# [The data]
++++++++++++++++++++

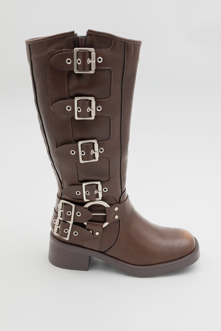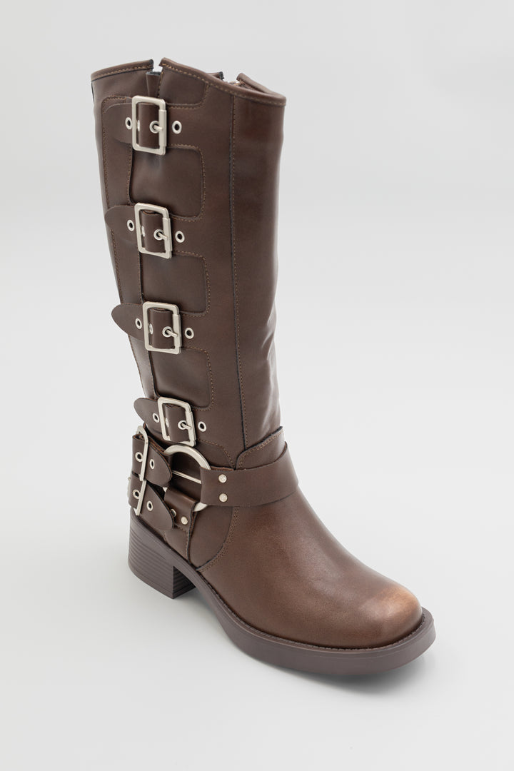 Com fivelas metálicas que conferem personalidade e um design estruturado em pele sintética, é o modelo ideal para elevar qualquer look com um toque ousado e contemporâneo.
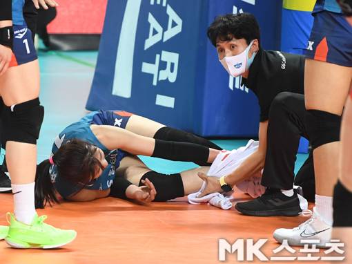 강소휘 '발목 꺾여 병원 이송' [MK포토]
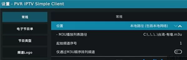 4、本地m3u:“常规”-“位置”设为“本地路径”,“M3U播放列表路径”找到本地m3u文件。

++++++++++++++++++++

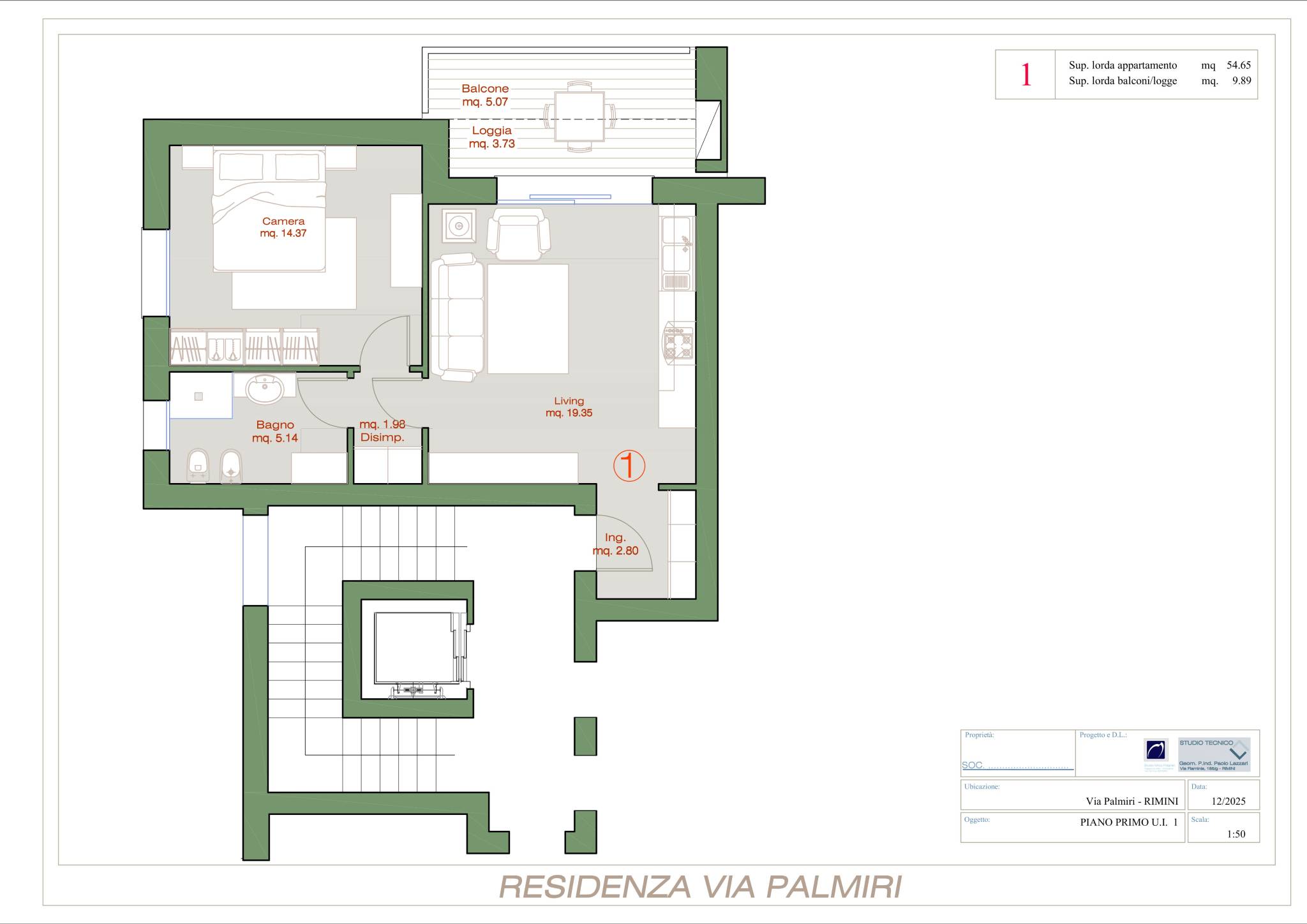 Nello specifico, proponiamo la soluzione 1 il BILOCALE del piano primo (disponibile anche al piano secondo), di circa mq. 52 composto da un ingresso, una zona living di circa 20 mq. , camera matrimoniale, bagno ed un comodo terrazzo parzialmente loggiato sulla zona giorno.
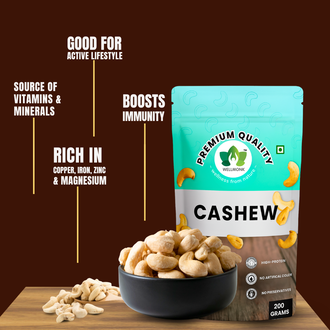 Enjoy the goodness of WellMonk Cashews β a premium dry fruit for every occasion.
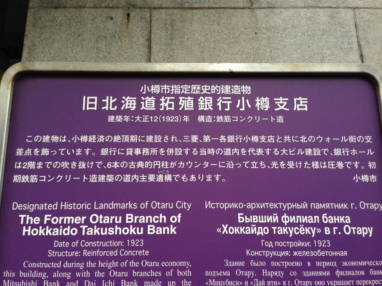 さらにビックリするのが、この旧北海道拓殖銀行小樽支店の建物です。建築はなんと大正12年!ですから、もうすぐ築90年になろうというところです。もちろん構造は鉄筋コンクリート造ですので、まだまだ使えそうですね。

++++++++++++++++++++

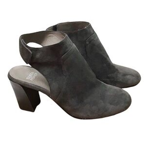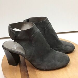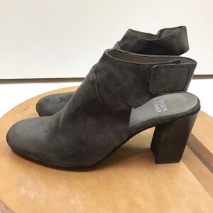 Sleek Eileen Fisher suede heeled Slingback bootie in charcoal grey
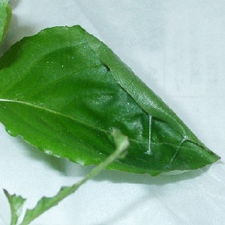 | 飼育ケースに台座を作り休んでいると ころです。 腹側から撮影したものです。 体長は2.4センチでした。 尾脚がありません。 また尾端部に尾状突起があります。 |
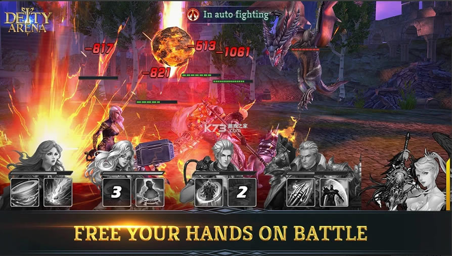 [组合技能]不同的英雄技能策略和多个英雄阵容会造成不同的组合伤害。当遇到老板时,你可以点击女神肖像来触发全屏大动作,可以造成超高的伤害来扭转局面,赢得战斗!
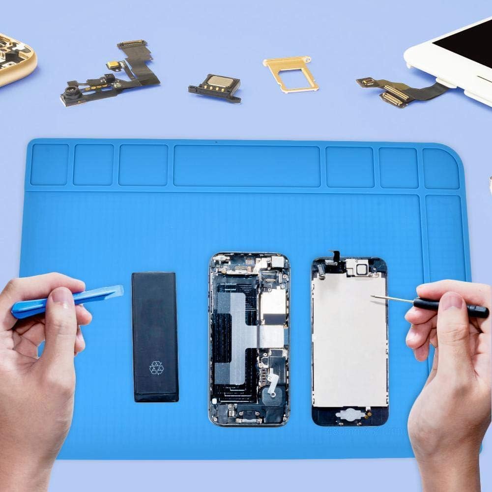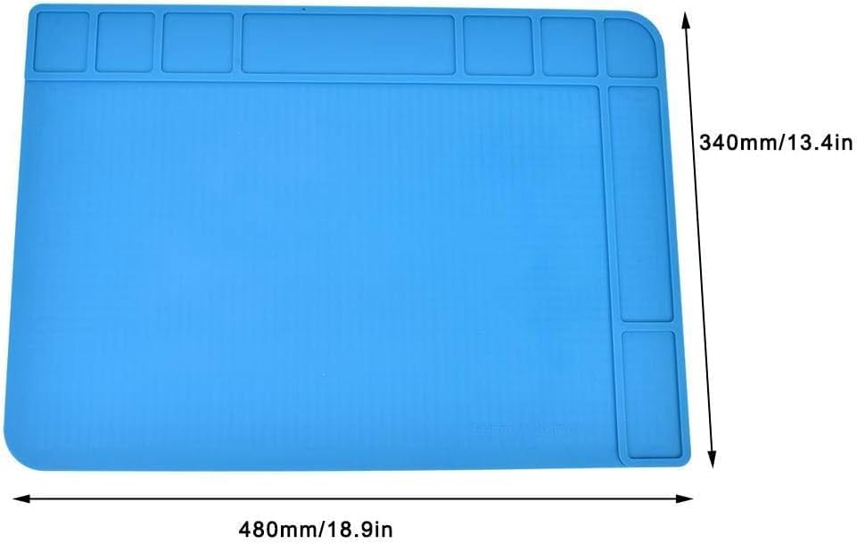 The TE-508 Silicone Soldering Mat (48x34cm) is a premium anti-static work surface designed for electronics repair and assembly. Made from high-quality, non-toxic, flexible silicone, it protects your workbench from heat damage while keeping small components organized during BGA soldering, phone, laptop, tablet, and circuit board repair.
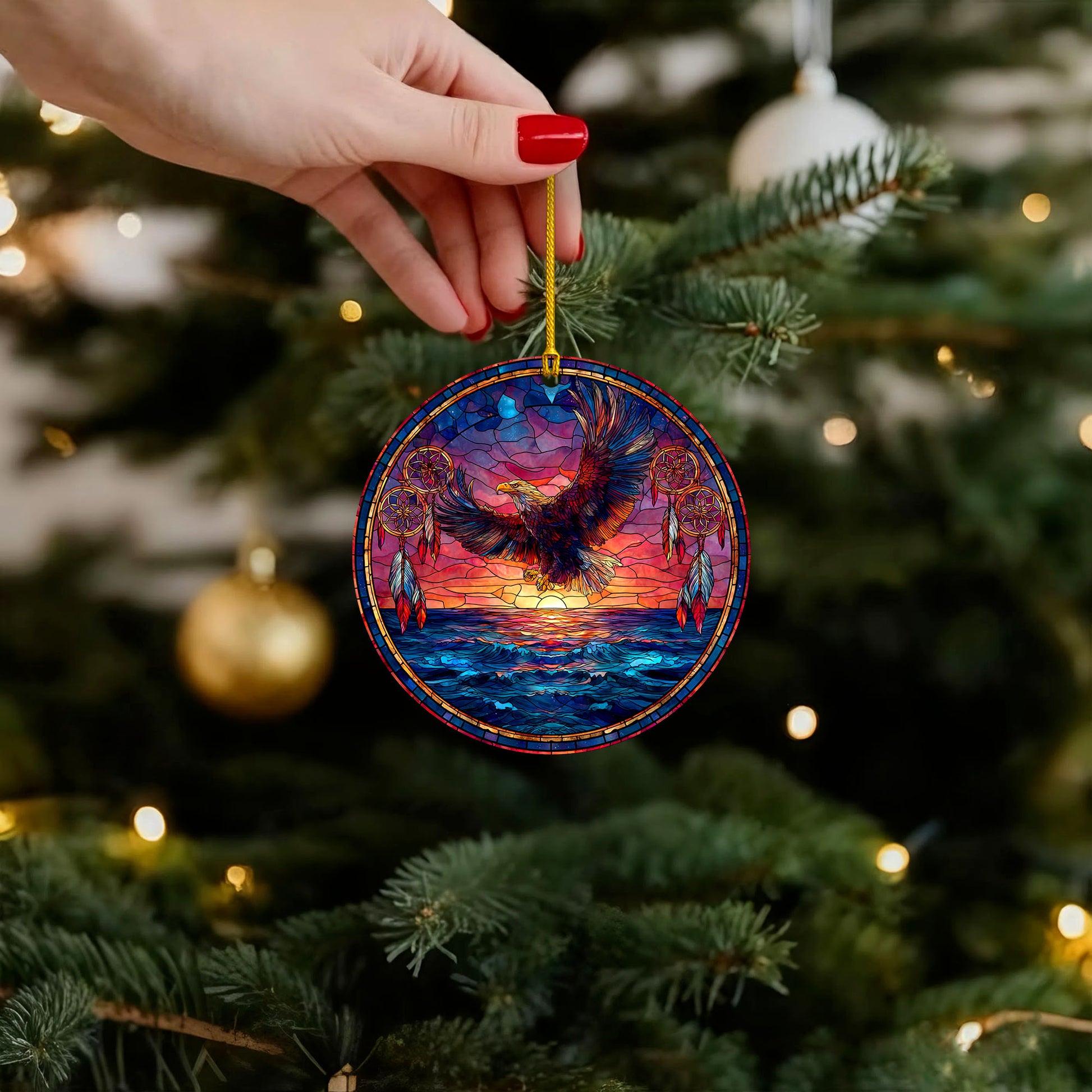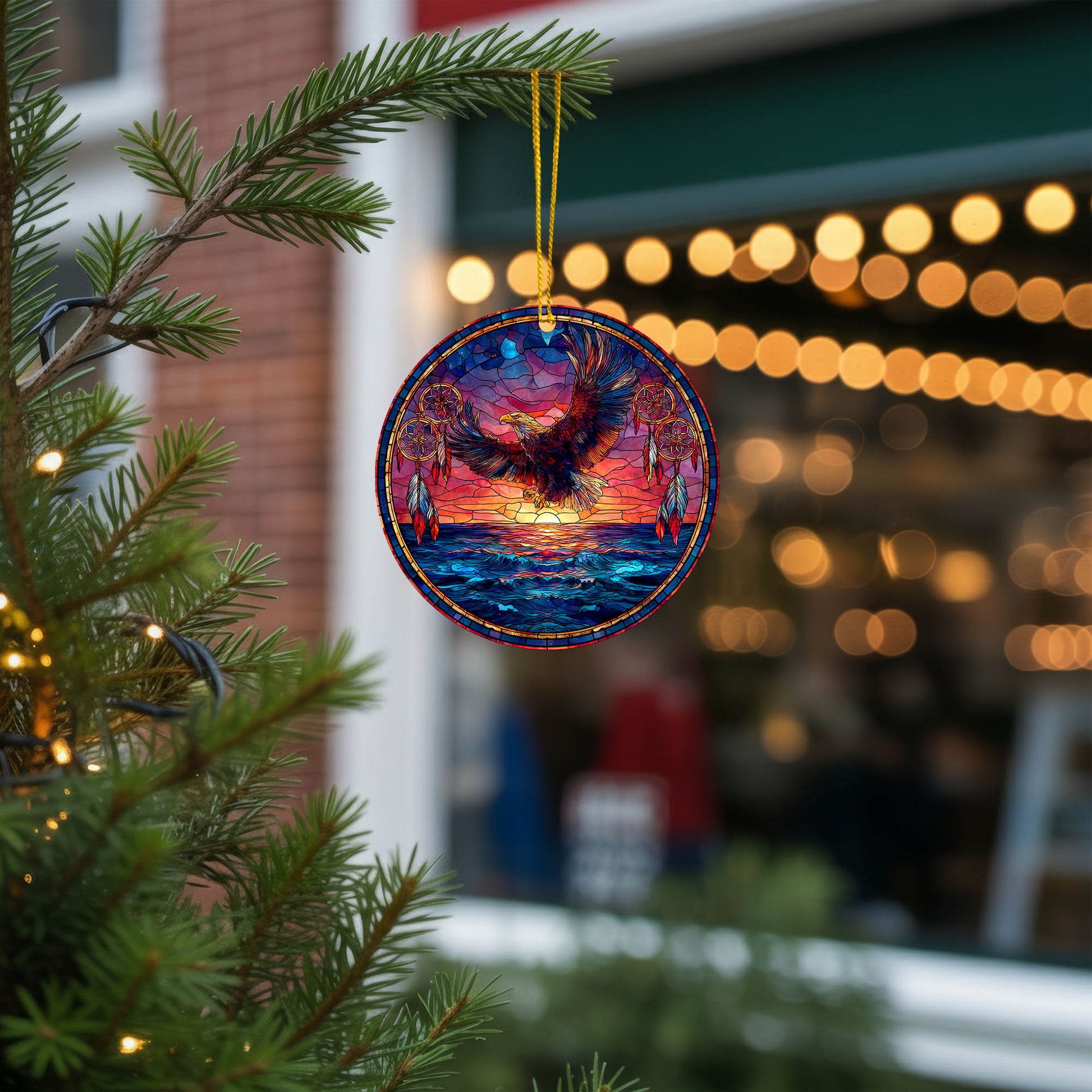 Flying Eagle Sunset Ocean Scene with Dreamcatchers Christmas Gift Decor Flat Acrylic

++++++++++++++++++++

# [Aim of the task]
No picture is to be printed. Output exactly the lines above from the line containing "尾脚がありません。 また尾端部に尾状突起があります。 |" through the line containing "Flying Eagle Sunset".

# [Solution]
 | 飼育ケースに台座を作り休んでいると ころです。 腹側から撮影したものです。 体長は2.4センチでした。 尾脚がありません。 また尾端部に尾状突起があります。 |
 [组合技能]不同的英雄技能策略和多个英雄阵容会造成不同的组合伤害。当遇到老板时,你可以点击女神肖像来触发全屏大动作,可以造成超高的伤害来扭转局面,赢得战斗!
 The TE-508 Silicone Soldering Mat (48x34cm) is a premium anti-static work surface designed for electronics repair and assembly. Made from high-quality, non-toxic, flexible silicone, it protects your workbench from heat damage while keeping small components organized during BGA soldering, phone, laptop, tablet, and circuit board repair.
 Flying Eagle Sunset Ocean Scene with Dreamcatchers Christmas Gift Decor Flat Acrylic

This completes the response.